Lutar contra quimera feita do pesadelo dos outros é tenso, como é vai destruir uma ideia que nem mais está ali? Como faz pra convencer esse povo que as histórias daquele lugar podem ser também felizes? Eu vi flor nascendo de escombros, raiz brotando em sujeira federal, já vi Vida vencer sempre a Muerte, e acredite camarada, Ela sempre ganha mesmo que a Dona se chateie. 

Foi tenso, muita água, muito medo, muito arranhão, ganhei uns galos, uns roxo nas pernas, isso foi antes do Dança com Espadas me adotar. Era moleca, não sabia como as coisas funcionavam, mas tava lá eu, no meio dos escombros de um prédio fantasma, escapando daquela quimera sei lá do quê. Dei sorte, a pedra lisa maldita deve ter gostado de mim, só pode, encontrei saída, achei a rua detrás, subi morro numa corrida só, peguei a avenidona e no meu rumo segue reto toda vida até chegar na praça da catedral. É lá que a gente renova as força, porque muita gente desde muito tempo deposita sonho bom lá, sacas? Emoção positiva. Eu não sei ainda equilibrar os esquema, não é essa a minha função aqui, eu não sabia disso, foi Dança com Espadas que me contou. 

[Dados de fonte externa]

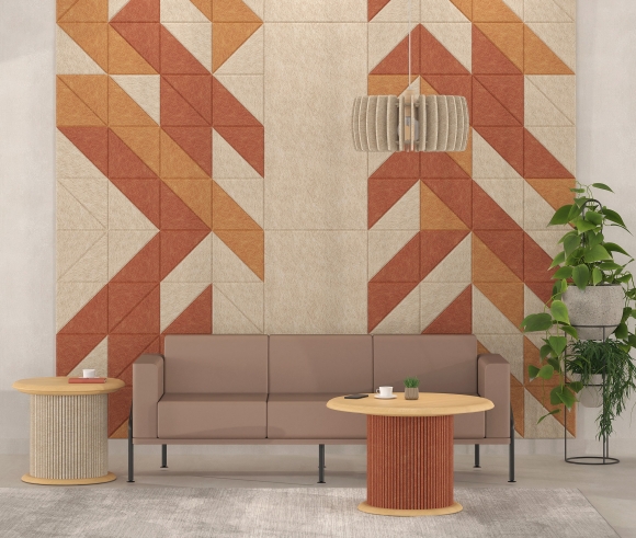 ΥΛΙΚΟΤΗΤΑ ΚΑΙ ΑΚΟΥΣΤΙΚΗ ΑΝΕΣΗ - Η επένδυση της βάσης με τσόχα PET προσδίδει βάθος και υφή στο τραπεζάκι, συμβάλλοντας παράλληλα στη βελτίωση της ακουστικής ποιότητας του περιβάλλοντος, στοιχείο ιδιαίτερα σημαντικό σε χώρους αναμονής.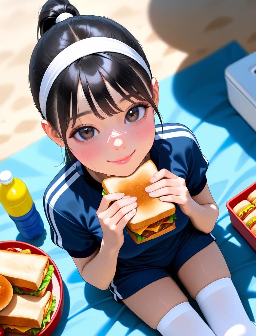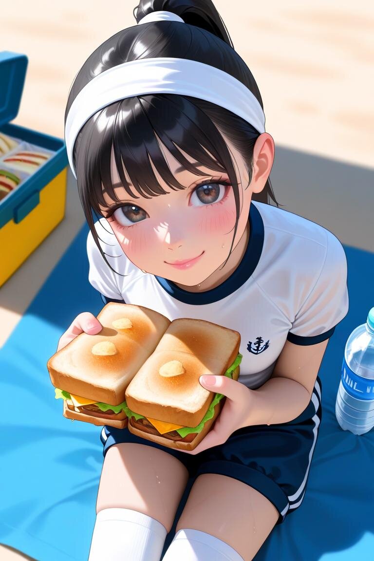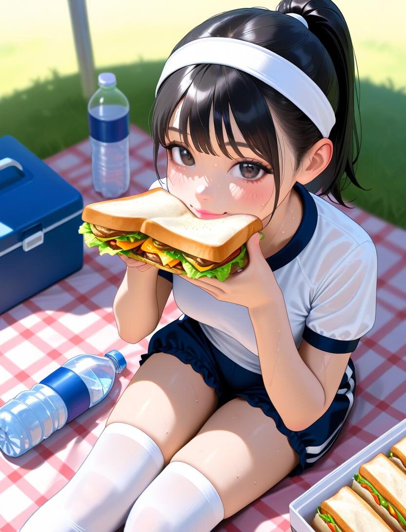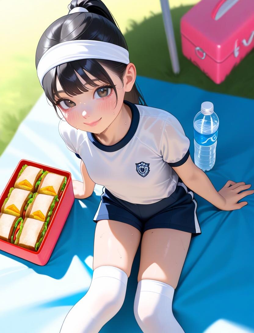 黒髪ポニーテール、中乳、((loli0.7))、zettai_ryouiki、best quality, masterpiece, photorealistic, realistic, ultra high definition, ray tracung、blurry background、cherry pink lip、Gym clothes, navy blue bloomers, short-sleeved shirt, white headband, knee-high socks, natural smile, sandwiches in hands, summer, sweat, slight blush, looking at viewer, angle from above, light blue picnic sheet, lunch box with sandwiches, water bottle,sit on a picnic blanket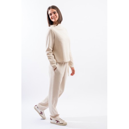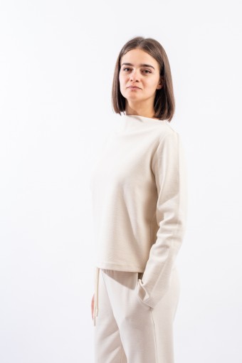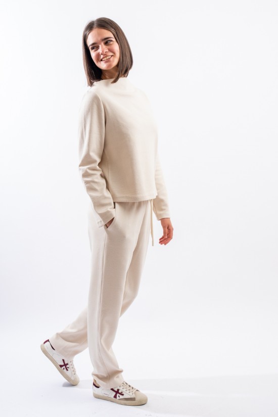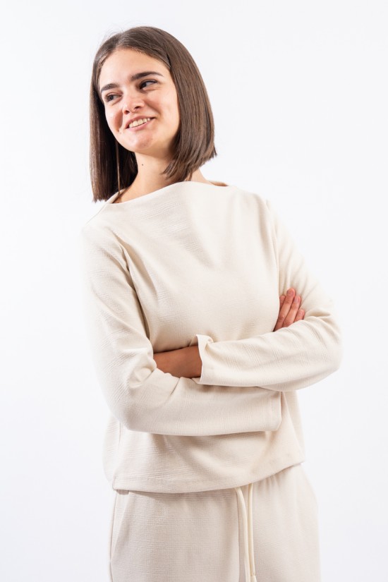 Maglia con collo a cratere dal taglio boxy. Realizzata in un piacevole mix di cotone e viscosa stretch con trama principe di galles tono su tono. Vestibilità slim fit. Perfetta da coordinare al suo pantalone con la stessa texture.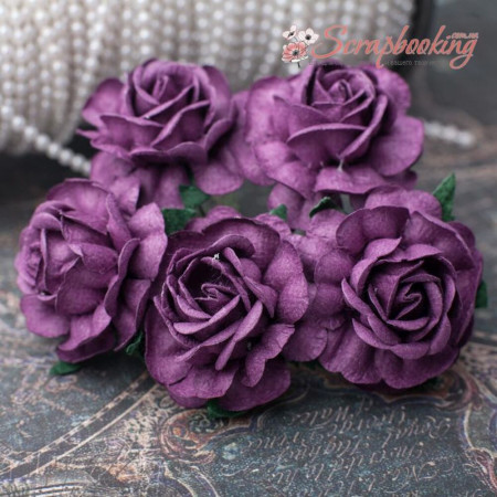Букет паперових чайних троянд ручної роботи сливового кольору. У букеті 5 бутонів троянд діаметром 40мм. Довжина стебла 6см.

Tou falando Zé povinho, não alimenta história azeda do passado triste. Aquela pedra maldita escarrada tá lá ainda pra lembrar disso. Os prodígios dizem que a energia de lá é diferente, por mim foi um sossego de bão, até a porr... Ahn o trem ficou ruim com as impressões dos outros. 

Cuma que é? O inferno são os outros
Sei não chefia, sei não... Ainda vou voltar lá, cê vai ver, só pra sentir o lugar, sacas? Sentir as vibe de lá, tem algo muito estranho ali e não sei se foi a montanha que espirrou esse julgamento, mas tem muito sofrimento de quem sobreviveu, isso mata qualquer feérico que tenta ajudar. Porque é assim que nasce os pesadelos, quando os sonhos quebrados das pessoas são lembrados de novo. 

Ah como sobrevivi? 
Sei lá mermão, dei o fora rápido mesmo, não tinha como dar conta daquilo. 
Era um treco enorme! 

 - Cê contou só parte da história... 
 - Sei de nada não, chuchu... 
 - Você não me engana, Filha dos Ventos. Dança-com-Espadas contou uma história diferente... 
 - Isso porque ele não tava lá, né? Muito fácil.